— PROVIDED INFORMATION —
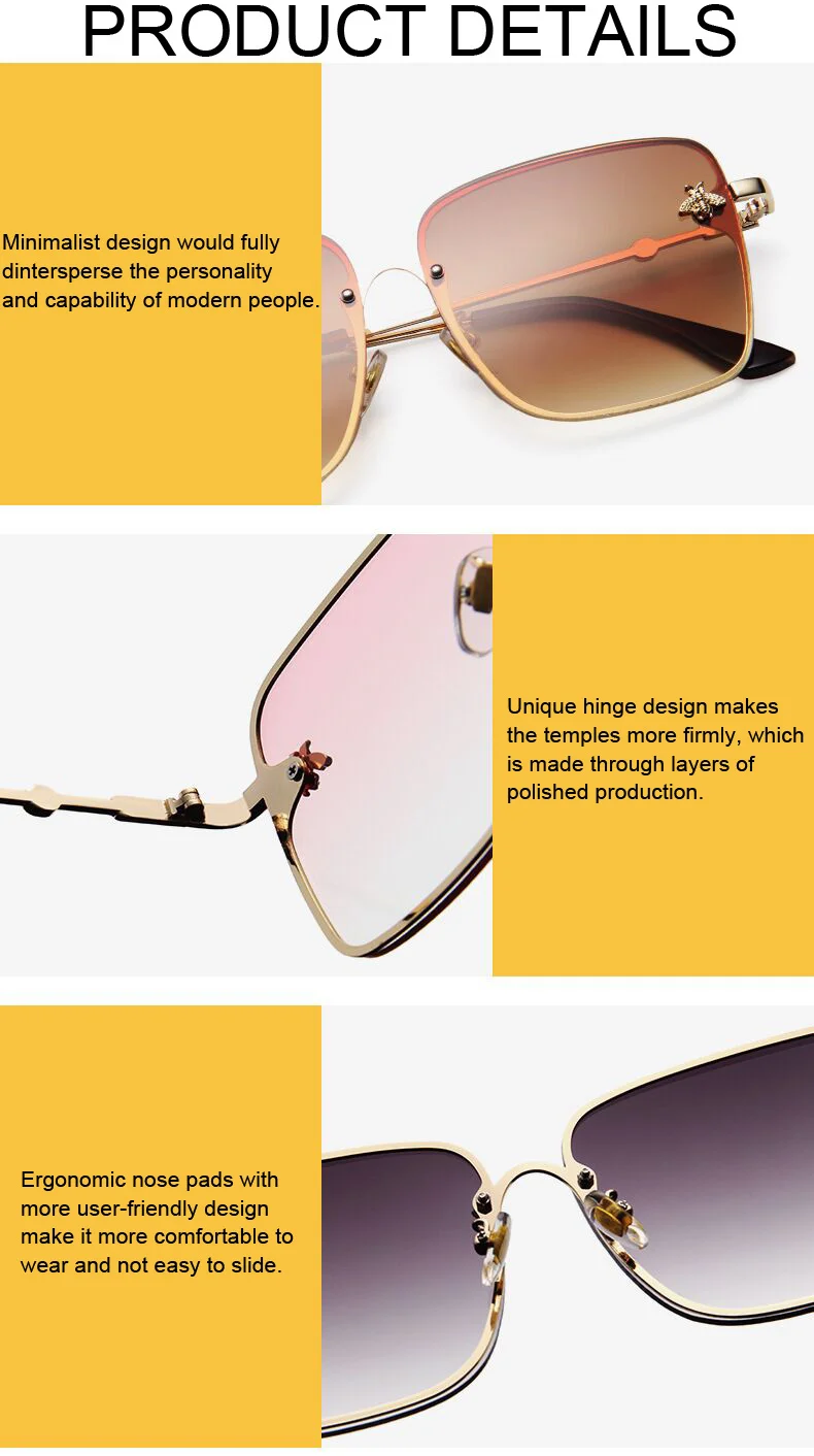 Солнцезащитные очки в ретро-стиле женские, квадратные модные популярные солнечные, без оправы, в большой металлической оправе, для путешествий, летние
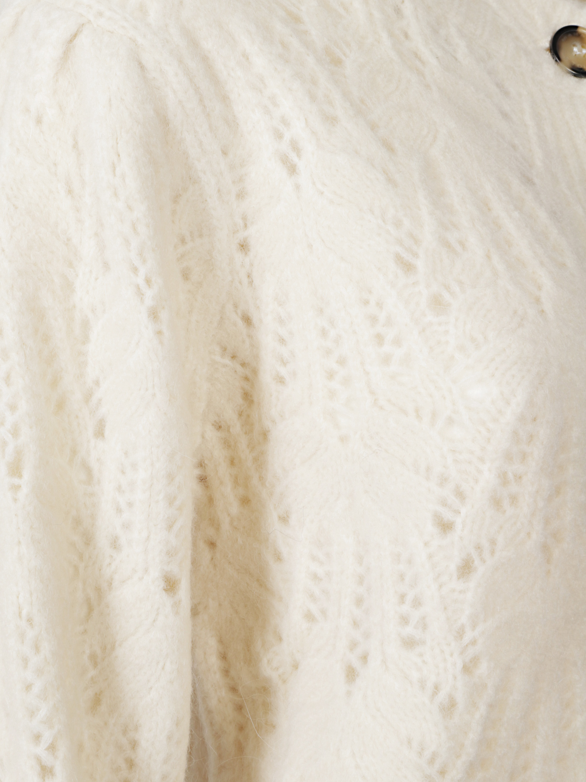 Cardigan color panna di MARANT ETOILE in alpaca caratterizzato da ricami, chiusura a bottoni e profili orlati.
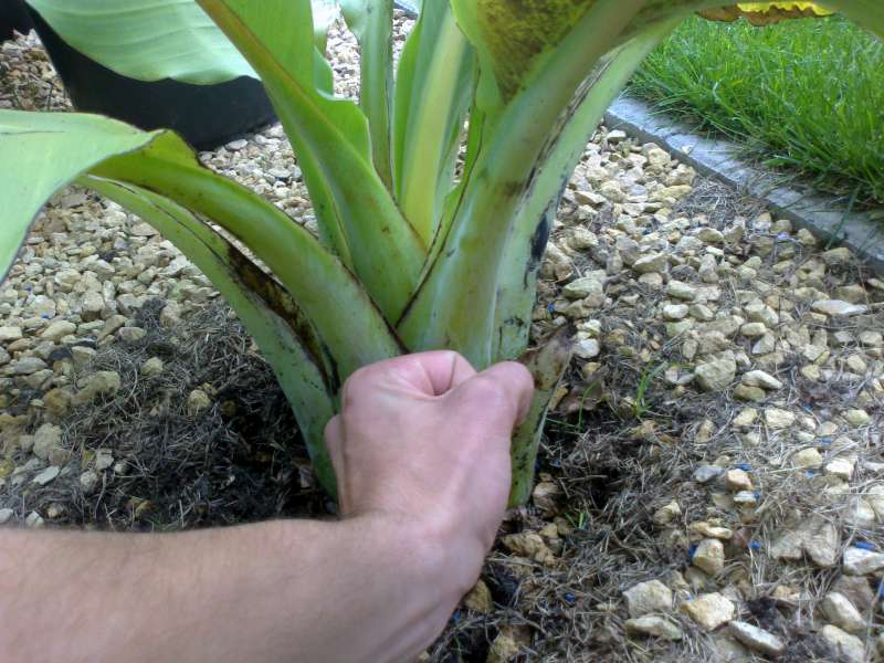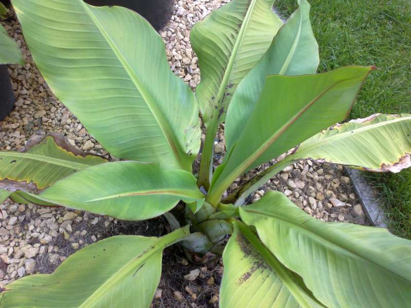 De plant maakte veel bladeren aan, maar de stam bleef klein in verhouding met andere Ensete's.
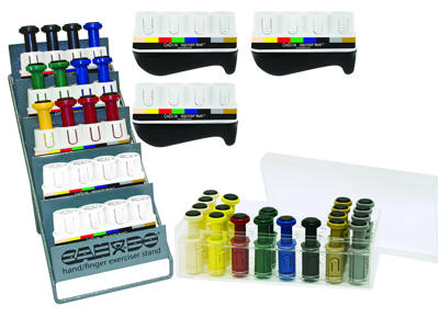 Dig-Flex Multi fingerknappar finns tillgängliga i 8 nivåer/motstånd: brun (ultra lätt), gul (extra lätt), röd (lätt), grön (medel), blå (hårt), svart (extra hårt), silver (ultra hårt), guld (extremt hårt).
...
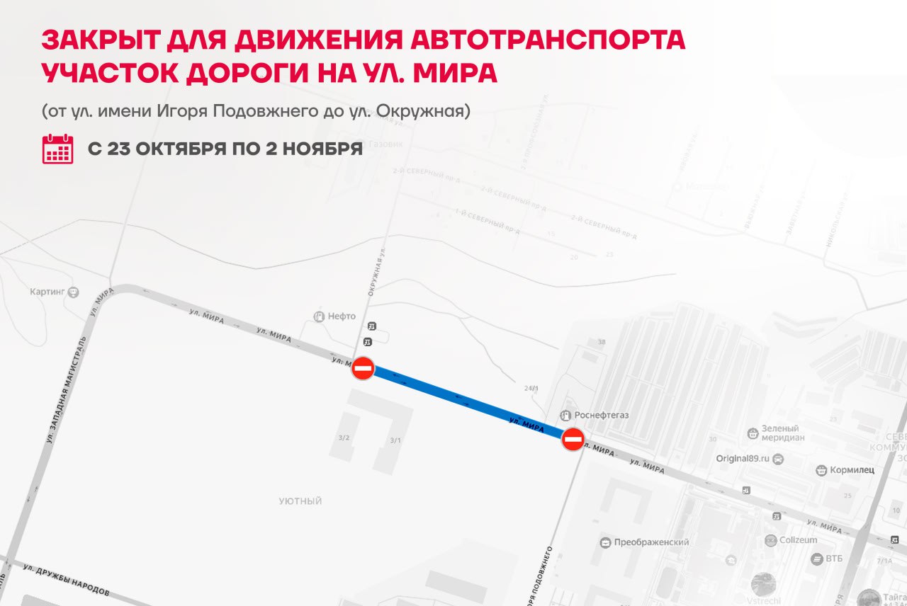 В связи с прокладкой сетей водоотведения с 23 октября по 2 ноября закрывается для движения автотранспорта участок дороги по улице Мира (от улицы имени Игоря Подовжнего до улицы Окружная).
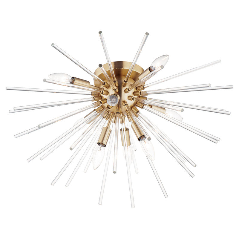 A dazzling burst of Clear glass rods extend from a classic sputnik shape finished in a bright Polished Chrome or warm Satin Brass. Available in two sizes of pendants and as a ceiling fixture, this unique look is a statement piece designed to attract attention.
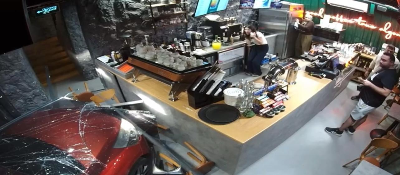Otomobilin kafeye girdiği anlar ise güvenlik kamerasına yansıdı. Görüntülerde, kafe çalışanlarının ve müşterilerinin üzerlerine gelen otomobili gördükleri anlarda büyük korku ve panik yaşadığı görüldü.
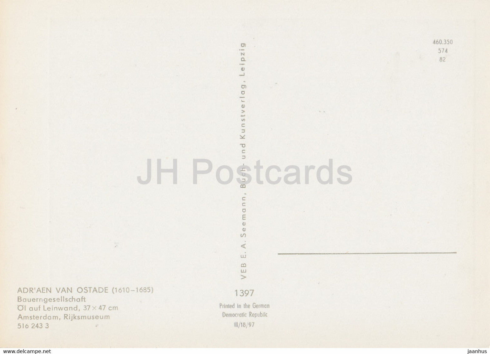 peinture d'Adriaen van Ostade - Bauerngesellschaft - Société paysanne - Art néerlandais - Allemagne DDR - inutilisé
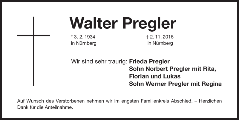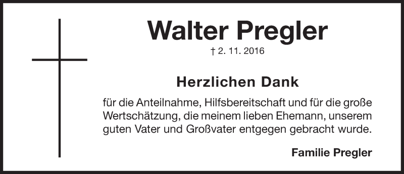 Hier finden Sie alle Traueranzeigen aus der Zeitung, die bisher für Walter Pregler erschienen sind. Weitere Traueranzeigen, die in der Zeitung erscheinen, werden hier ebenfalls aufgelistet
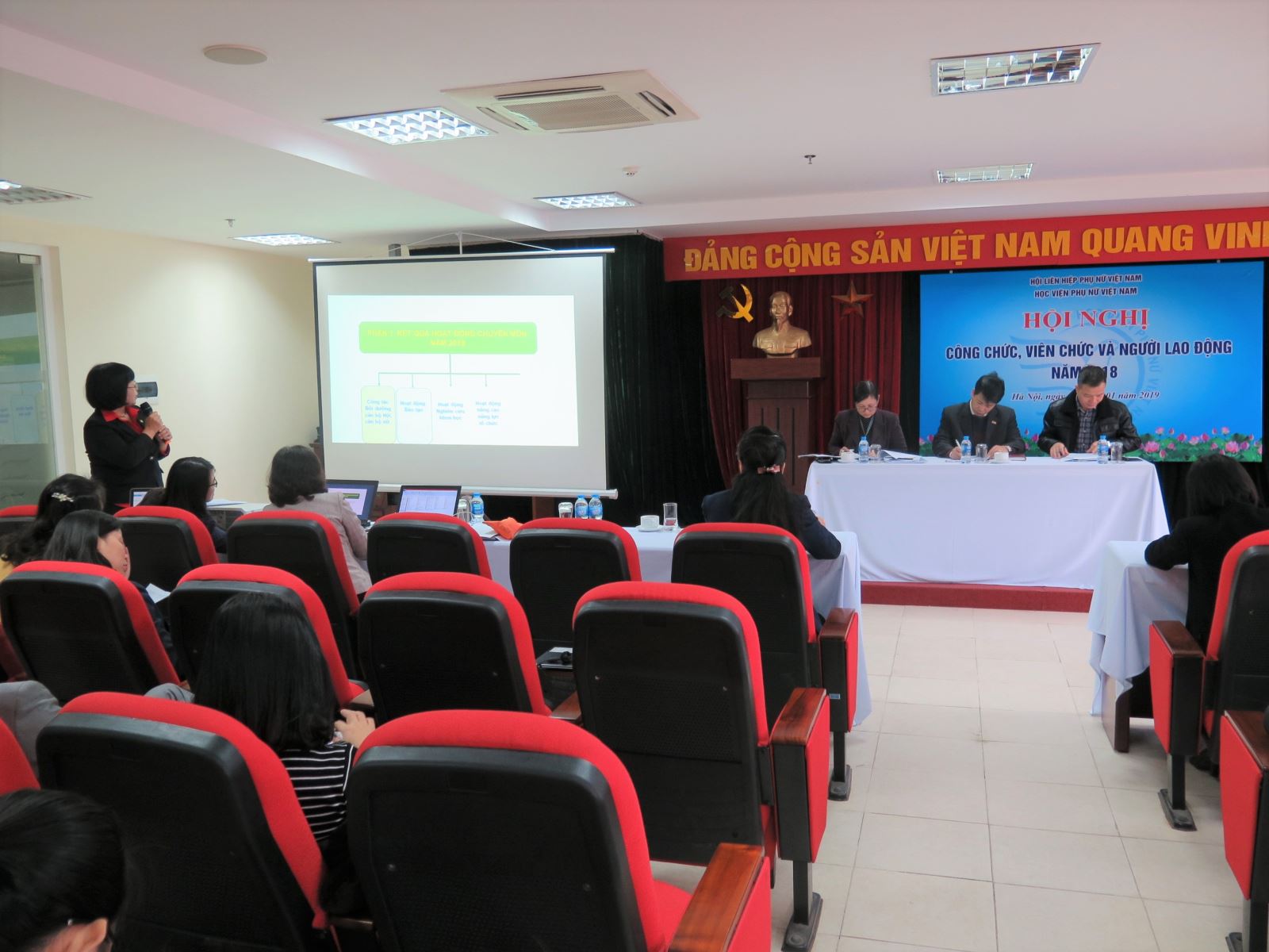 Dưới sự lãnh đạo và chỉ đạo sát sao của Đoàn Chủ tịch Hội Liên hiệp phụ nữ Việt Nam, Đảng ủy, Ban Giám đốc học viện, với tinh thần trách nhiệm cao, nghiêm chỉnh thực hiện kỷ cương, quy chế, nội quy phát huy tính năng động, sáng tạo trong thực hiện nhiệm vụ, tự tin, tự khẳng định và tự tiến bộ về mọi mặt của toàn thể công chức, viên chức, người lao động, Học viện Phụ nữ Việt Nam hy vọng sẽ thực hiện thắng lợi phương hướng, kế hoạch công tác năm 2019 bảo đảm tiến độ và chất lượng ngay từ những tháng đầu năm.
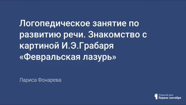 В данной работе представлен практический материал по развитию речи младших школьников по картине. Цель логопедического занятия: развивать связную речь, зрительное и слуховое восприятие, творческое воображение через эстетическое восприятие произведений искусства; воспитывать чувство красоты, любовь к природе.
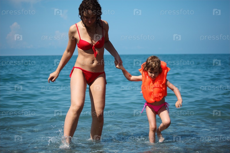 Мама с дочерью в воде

— DESCRIPTION OF THE TASK —
Working from the entries above, please transcribe only the lines from the line with "Hier finden Sie" through the line with "Dưới sự lãnh", exactly, with both end lines and without pictures.

— EXERCISE SOLUTION —
 Hier finden Sie alle Traueranzeigen aus der Zeitung, die bisher für Walter Pregler erschienen sind. Weitere Traueranzeigen, die in der Zeitung erscheinen, werden hier ebenfalls aufgelistet
 Dưới sự lãnh đạo và chỉ đạo sát sao của Đoàn Chủ tịch Hội Liên hiệp phụ nữ Việt Nam, Đảng ủy, Ban Giám đốc học viện, với tinh thần trách nhiệm cao, nghiêm chỉnh thực hiện kỷ cương, quy chế, nội quy phát huy tính năng động, sáng tạo trong thực hiện nhiệm vụ, tự tin, tự khẳng định và tự tiến bộ về mọi mặt của toàn thể công chức, viên chức, người lao động, Học viện Phụ nữ Việt Nam hy vọng sẽ thực hiện thắng lợi phương hướng, kế hoạch công tác năm 2019 bảo đảm tiến độ và chất lượng ngay từ những tháng đầu năm.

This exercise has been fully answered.